Since it earliest days, the economy of Louisville, Kentucky, has been underpinned by the shipping and cargo industries. Today, Louisville is home to dozens of companies and organizations across several industrial classifications.

==Shipping and logistics==
The city's location at the Falls of the Ohio, and its unique position in the central United States (and other origins) to the mouth of the Mississippi River, the Gulf of Mexico, and beyond. The Louisville and Nashville Railroad was also an important link between the industrialized northern cities and the South.

Louisville's importance to the shipping industry continues today with the presence of the Worldport air hub for UPS. The city's location at the crossroads of three major Interstate highways (I-64, I-65 and I-71) also contributes to its modern-day strategic importance to the shipping and cargo industry. In addition, the Port of Louisville continues Louisville's river shipping presence at Jefferson Riverport International. As of 2003, Louisville ranks as the seventh-largest inland port in the United States.
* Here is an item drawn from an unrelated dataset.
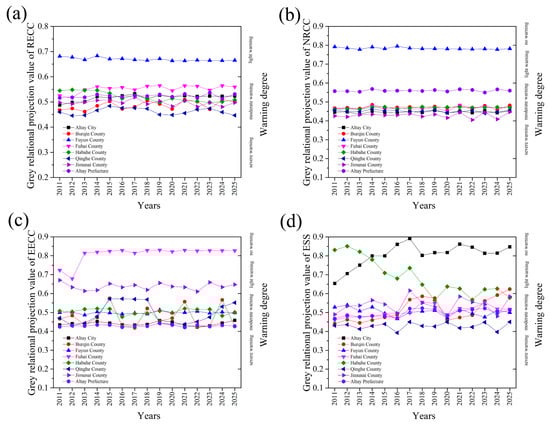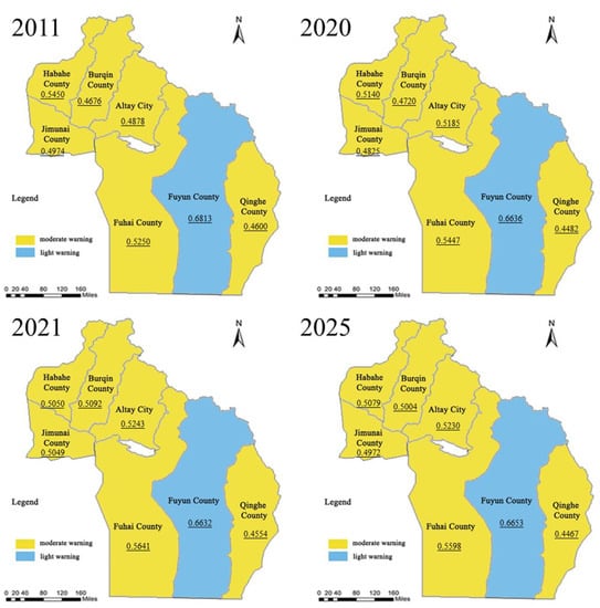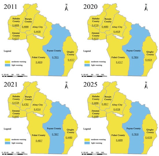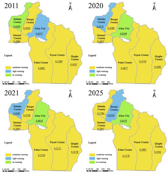 From 2021 to 2025, the eco-environment carrying capacity of the Altay area would not be improved fundamentally, and the grey relational projection value showed a fluctuating trend (Figure 3c and Table S4), and would be 0.4279 in 2025. However, the change was limited, the degree of alarm continued to be “moderate warning”, and the signal light continued to be “yellow light”. From 2021 to 2025, the warning of eco-environment carrying capacity of all counties and cities in Altay Prefecture except Burqin County would be controlled, as the grey relational projection value had rebounded (Figure 3c and Table S4). Among them, the grey relational projection value of Fuhai County increased to 0.8268, the alarm level continued to be “no warning”, and the signal was “green light”. The grey relational projection value of Jimunai County increased to 0.6474, the alarming degree remained in the state of “light warning”, and the signal light was “blue light”.

==Health care and medical sciences==
Louisville is a center for the health care and medical sciences industries. Louisville has been central to advancements in heart and hand surgery as well as cancer treatment. Some of the first artificial heart and hand transplants were conducted in Louisville. The James Graham Brown Cancer Center is a local cancer treatment center. The city's downtown medical research campus includes a new $88 million rehabilitation center and a health sciences research and commercialization park that, in partnership with the University of Louisville, has attracted nearly 70 scientists and researchers. Louisville is also home to Humana, one of the nation's largest health insurance companies.
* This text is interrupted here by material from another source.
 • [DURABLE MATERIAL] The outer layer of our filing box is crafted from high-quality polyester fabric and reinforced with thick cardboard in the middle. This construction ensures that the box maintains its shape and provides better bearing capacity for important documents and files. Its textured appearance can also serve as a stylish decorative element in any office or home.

Norton Healthcare is the second-largest employer in the Louisville area, with over 20,000 employees, and a major health care provider throughout Greater Louisville and Southern Indiana.

==Product manufacturing: Automotive, home appliances, bourbon and more==
Louisville is a significant center of manufacturing. Within the city's limits are two major Ford plants, namely the Kentucky Truck Plant and the Louisville Assembly Plant. Also located in the city is the headquarters and major home appliance factory of GE Appliances (a subsidiary of Haier). GE Appliance Park is set to become the largest home appliance manufacturing site in the U.S.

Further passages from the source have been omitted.